··· MATERIAL FOR THIS TASK

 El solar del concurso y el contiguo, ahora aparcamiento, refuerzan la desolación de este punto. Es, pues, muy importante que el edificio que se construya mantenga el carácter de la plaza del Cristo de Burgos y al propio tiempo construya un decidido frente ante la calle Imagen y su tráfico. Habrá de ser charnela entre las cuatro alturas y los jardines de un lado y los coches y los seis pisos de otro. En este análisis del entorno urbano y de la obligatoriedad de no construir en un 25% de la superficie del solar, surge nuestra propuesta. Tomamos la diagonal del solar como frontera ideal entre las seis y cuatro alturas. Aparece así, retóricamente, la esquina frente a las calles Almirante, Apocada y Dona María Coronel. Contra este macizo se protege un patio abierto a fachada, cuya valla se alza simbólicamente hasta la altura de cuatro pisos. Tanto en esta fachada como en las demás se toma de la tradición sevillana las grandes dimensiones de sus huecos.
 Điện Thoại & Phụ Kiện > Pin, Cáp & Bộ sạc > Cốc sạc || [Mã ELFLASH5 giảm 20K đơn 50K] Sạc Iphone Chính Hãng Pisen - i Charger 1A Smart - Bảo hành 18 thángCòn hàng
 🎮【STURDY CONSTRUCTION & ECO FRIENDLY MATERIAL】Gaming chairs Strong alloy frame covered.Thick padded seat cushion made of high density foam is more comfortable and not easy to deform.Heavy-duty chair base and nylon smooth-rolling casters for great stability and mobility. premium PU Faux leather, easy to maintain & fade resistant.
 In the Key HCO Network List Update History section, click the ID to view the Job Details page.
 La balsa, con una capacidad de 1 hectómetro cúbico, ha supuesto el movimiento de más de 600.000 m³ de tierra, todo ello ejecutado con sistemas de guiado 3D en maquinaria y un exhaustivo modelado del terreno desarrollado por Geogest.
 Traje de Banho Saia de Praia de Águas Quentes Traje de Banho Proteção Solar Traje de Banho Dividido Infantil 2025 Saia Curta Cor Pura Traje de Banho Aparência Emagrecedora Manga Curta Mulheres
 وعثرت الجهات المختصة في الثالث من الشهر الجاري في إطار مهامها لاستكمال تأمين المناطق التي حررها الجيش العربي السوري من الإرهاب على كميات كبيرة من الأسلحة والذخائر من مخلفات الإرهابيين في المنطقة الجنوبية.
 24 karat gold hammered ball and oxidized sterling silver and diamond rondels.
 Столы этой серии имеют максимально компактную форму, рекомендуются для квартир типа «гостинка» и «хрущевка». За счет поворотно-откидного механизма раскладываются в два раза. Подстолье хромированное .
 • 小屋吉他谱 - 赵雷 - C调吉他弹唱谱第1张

······

• WHAT TO DO: Repeat, word for word, the lines from the start of the records to the line that contains "La balsa, con", both of them included, and no others.

• EXPECTED ANSWER:
 El solar del concurso y el contiguo, ahora aparcamiento, refuerzan la desolación de este punto. Es, pues, muy importante que el edificio que se construya mantenga el carácter de la plaza del Cristo de Burgos y al propio tiempo construya un decidido frente ante la calle Imagen y su tráfico. Habrá de ser charnela entre las cuatro alturas y los jardines de un lado y los coches y los seis pisos de otro. En este análisis del entorno urbano y de la obligatoriedad de no construir en un 25% de la superficie del solar, surge nuestra propuesta. Tomamos la diagonal del solar como frontera ideal entre las seis y cuatro alturas. Aparece así, retóricamente, la esquina frente a las calles Almirante, Apocada y Dona María Coronel. Contra este macizo se protege un patio abierto a fachada, cuya valla se alza simbólicamente hasta la altura de cuatro pisos. Tanto en esta fachada como en las demás se toma de la tradición sevillana las grandes dimensiones de sus huecos.
 Điện Thoại & Phụ Kiện > Pin, Cáp & Bộ sạc > Cốc sạc || [Mã ELFLASH5 giảm 20K đơn 50K] Sạc Iphone Chính Hãng Pisen - i Charger 1A Smart - Bảo hành 18 thángCòn hàng
 🎮【STURDY CONSTRUCTION & ECO FRIENDLY MATERIAL】Gaming chairs Strong alloy frame covered.Thick padded seat cushion made of high density foam is more comfortable and not easy to deform.Heavy-duty chair base and nylon smooth-rolling casters for great stability and mobility. premium PU Faux leather, easy to maintain & fade resistant.
 In the Key HCO Network List Update History section, click the ID to view the Job Details page.
 La balsa, con una capacidad de 1 hectómetro cúbico, ha supuesto el movimiento de más de 600.000 m³ de tierra, todo ello ejecutado con sistemas de guiado 3D en maquinaria y un exhaustivo modelado del terreno desarrollado por Geogest.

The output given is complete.